Una noche de diciembre le prometió al santo popular que si Central ganaba esa final de la Copa Argentina (la cuarta al hilo, con 3 derrotas previas) le iba a agradecer en sus pagos, en la lejana y calurosa Corrientes. Y así fue.

Llueve en Mercedes, Corrientes. Llueve tanto que en la estación de colectivos ya nos quedan pocos recovecos secos; llueve tanto que desde esta noche, el litoral se va a empezar a inundar. Nos acomodamos como podemos, sin quejarnos, y seguimos durmiendo, comiendo, leyendo, tomando porrón, contando historias de promesas y agradecimientos, esperando el bondi que nos lleve a casa. En algún rincón de la Terminal, queda lugar para un Gauchito y al menos una vela prendida. Siempre va a haber vela para el Gaucho este 8 de enero, como hubo ayer y habrá mañana.

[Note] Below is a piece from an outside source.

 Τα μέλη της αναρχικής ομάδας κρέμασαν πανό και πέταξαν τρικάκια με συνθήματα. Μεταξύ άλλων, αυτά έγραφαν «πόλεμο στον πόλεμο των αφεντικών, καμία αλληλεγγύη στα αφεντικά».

El pronóstico del tiempo había anunciado lluvia para los días 7 y 8, pero en la madrugada del 7 el agua paró. Dejó el Santuario del Gauchito Gil hecho un barrial, como dicen que está todos los años, y se tomó una pausa. Volvió a largarse a la par que se escondía el sol del 8, acompañado por los gritos que precedían cualquier atisbo de silencio. ¡Qué viva el Gaucho!, grita uno, y se hace eco, y resuena, y resuena, y resuena, como mantra de agradecimiento.  

Peregrinos

Nadie dice exactamente qué hace acá en Mercedes, Corrientes, a muchos kilómetros de un montón de lugares, lejos de sus casas. Sí dicen cuánto hace que vienen: 18 años, 14, 3, o por primera vez. Vienen aunque sea por un día, llegan el 7, van al templo, agradecen y se vuelven. Cientos de kilómetros en pocas horas.

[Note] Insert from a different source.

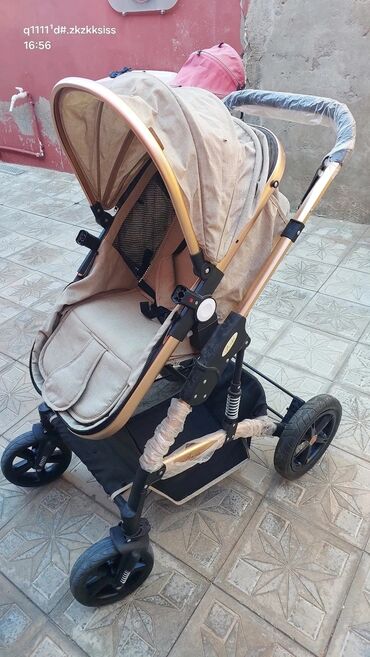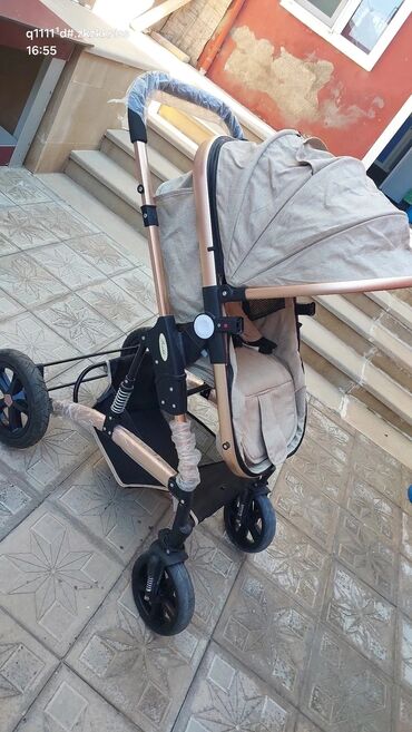 Bej rəngdə, qızılı rəngli çərçivəyə malik, tənzimlənən günəşlikli uniseks uşaq arabası. Arabanın oturacaq hissəsi tənzimlənə bilən uzanma funksiyasına malikdir. Döşək materialı rahatlığı təmin edir və təmizlənməsi asandır. Arabada uşağın təhlükəsizliyini təmin edən təhlükəsizlik kəmərləri var. Təkərlər möhkəm materialdan hazırlanıb və hamar hərəkəti təmin edir. Alt hissəsində əşyalar üçün geniş səbət yerləşir. Bu araba həm şəhər gəzintiləri, həm də uzun məsafəli səyahətlər üçün uyğundur.

La mayoría viene dos o tres días, arma la carpa al lado del bondi o el auto, o duerme en el bondi o en el auto. Ranchean por ahí o llenan la plaza hotelera de la ciudad, o no duermen.

Un pibe dice que viene siempre pero que esta vez por el precio de la nafta no pudo venir manejando. Hacía unos cuatro meses que había sacado los pasajes en colectivo del Conurbano a Mercedes. Volvía a las 22, del 8 de enero. Y durante unas seis horas esperó en la Terminal con una estatua del Gauchito de casi un metro de altura envuelta en una frazada.

Foto: Laura Hintze

De las promesas y los agradecimientos se habla en general, aunque eso sea también y sobre  todo lo particular. “Vine a agradecerle por la familia, por el trabajo, la salud, todo lo que nos da”. La cantidad de mensajes y banderas en el templo y en la tumba dicen, sin embargo, que en el encuentro con el Gaucho pasa algo más, la más grande y sincera de las intimidades. A veces, alguien no aguanta y cuenta.  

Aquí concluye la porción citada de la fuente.